County leaders have a fiduciary duty to at least bring back to county hospital(s) the amount of the IGT submitted, but that is no longer guaranteed. No doubt there are current conversations going on behind closed doors with county and hospital and state officials. They need to cobble together the state match, and we are already well into the state’s fiscal year. From our perspective, this is akin to watching a poker game. We don’t know all the cards that counties and hospitals have and plan to play, and maybe they are waiting to see what the other counties do first.

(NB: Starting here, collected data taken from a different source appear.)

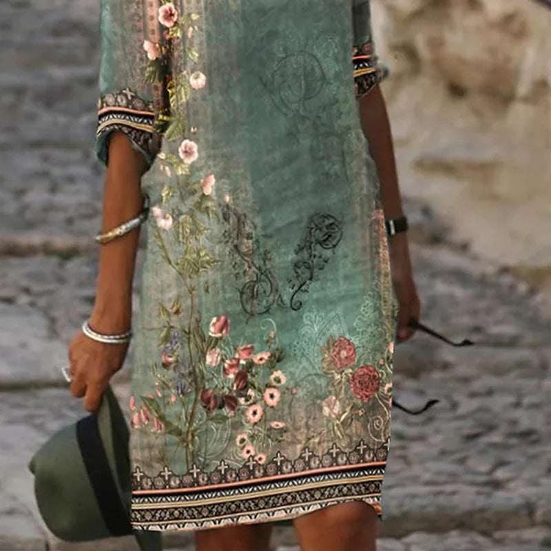 🌸Vestido Casual de Manga Corta con Cuello en V Estampado🌸
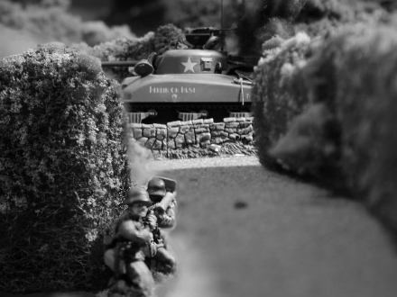 After destroying this "Sherman" the team fired and missed a second "Sherman" just left of this one. How ever the several of the "American" members had spotted the smoke trails from the "schreck" team and started to put suppressive fire on them causing them to retire back to German lines.
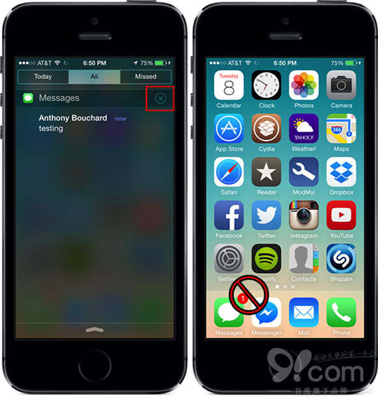 安裝完成後無需設置,立即生效,下圖為安裝MarkAsRead7後實際效果圖。用戶只需將應用在通知中心上所推送的通知列表清除後,在桌面上所對應的應用圖標自動會被同步清理掉。
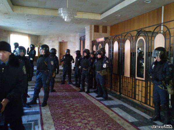 Как сообщают работники ОГА, милиция подготовила пожарные брансбойтами. Вероятно, при попытке штурма помещения, людей поливать водой, - предполагают работники.
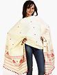 Ivory Stole with Kani Printed Flowers and Embroidered Emblem
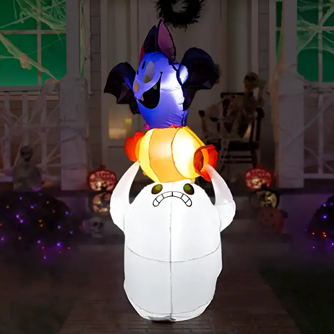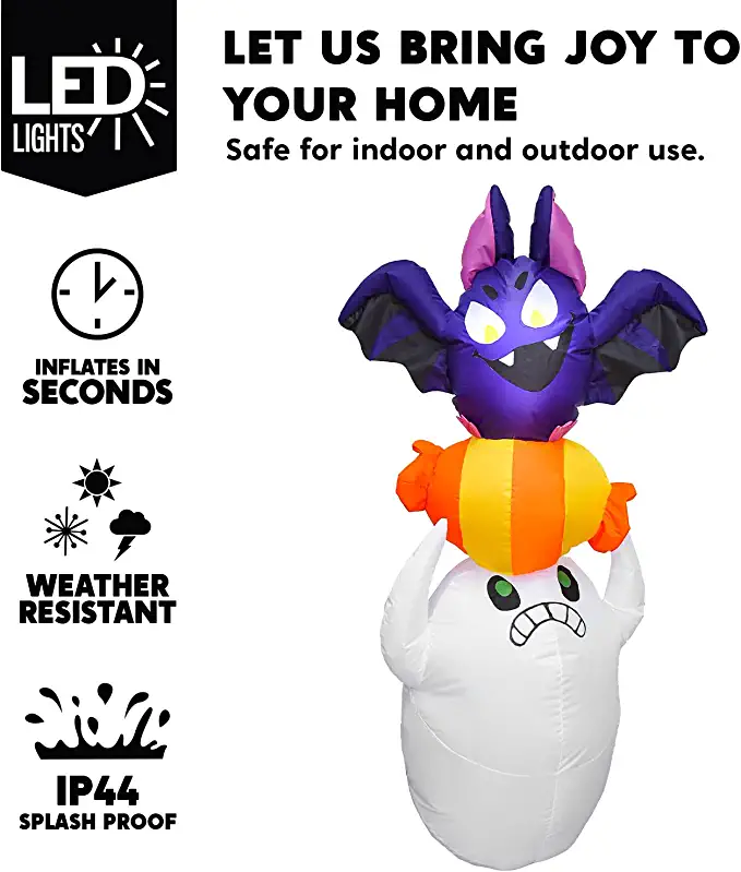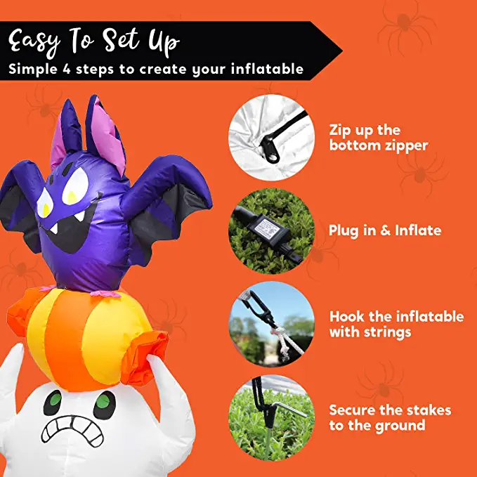 - 5 feet tall Halloween Inflatable Ghost Seize for Candy comes with extended cords, fastened ropes, built-in sandbags, and a plug with UL certification.
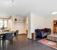 • Bright and airy living room with large sliding glass doors leading to a balcony or terrace, hardwood floors, and exposed wooden beams in the ceiling.
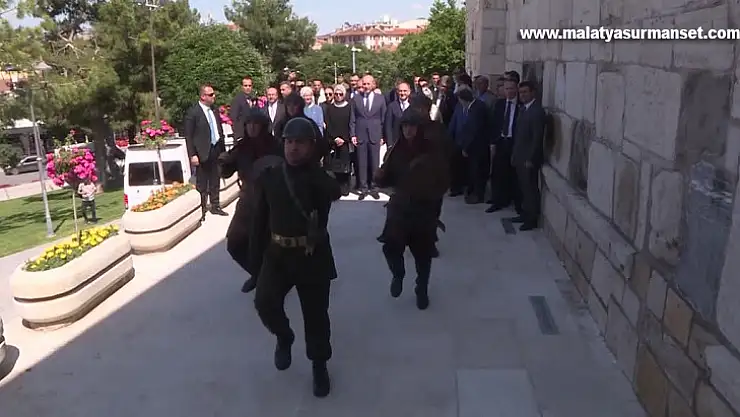 Kurtulmuş, bir dizi ziyaret için geldiği Konya'da, tarihi Alaaddin Camisi avlusunda Selçuklu Sultanları Türbesi Nöbet Değişimi Töreni'ne katıldı.

At the end of the day, county leaders have critical decisions about local health care issues that go way beyond whether to pony up the requested IGT. We predict some amount of LIP and DSH will survive. But the amount will likely remain much reduced and these programs have a limited shelf life in the new world of designing system reform and addressing social determinants of health. Rather than focusing on supplemental payment programs and continuing to lobby CMS for a bigger LIP, a better use of local resources, including the political capital of local leaders and stakeholders, is re-engaging local legislative delegations on expansion funding.
It was inspiring to learn more about Hillsborough County. In contrast to Miami-Dade, the only other large Florida County that implemented a sales tax for indigent care, Hillsborough created a plan that actually provides coverage for low-income residents, with a focus on preventive care and provider choice. Lawrence Brown praised county leaders as: “unwilling simply to channel more money to safety-net providers, its creators fearlessly uttered the “t[ax]” word, launched a redistributive exercise on behalf of a unorganized and largely apolitical constituency; and designed a distinct, dedicated and supposedly secure funding mechanism . . .to sustain the new coverage they invested.”
Imagine what Hillsborough could do with its local tax dollars if the Florida Legislature accepted federal funding for coverage of uninsured. Imagine some local dollars being newly available to strategically spend on other things—in addition to coverage—that people need for healthier lives, e.g. more affordable housing, more public vegetable gardens? And not if, but when, Florida expands Medicaid, imagine what will happen in counties where the leaders are committed to improving health outcomes.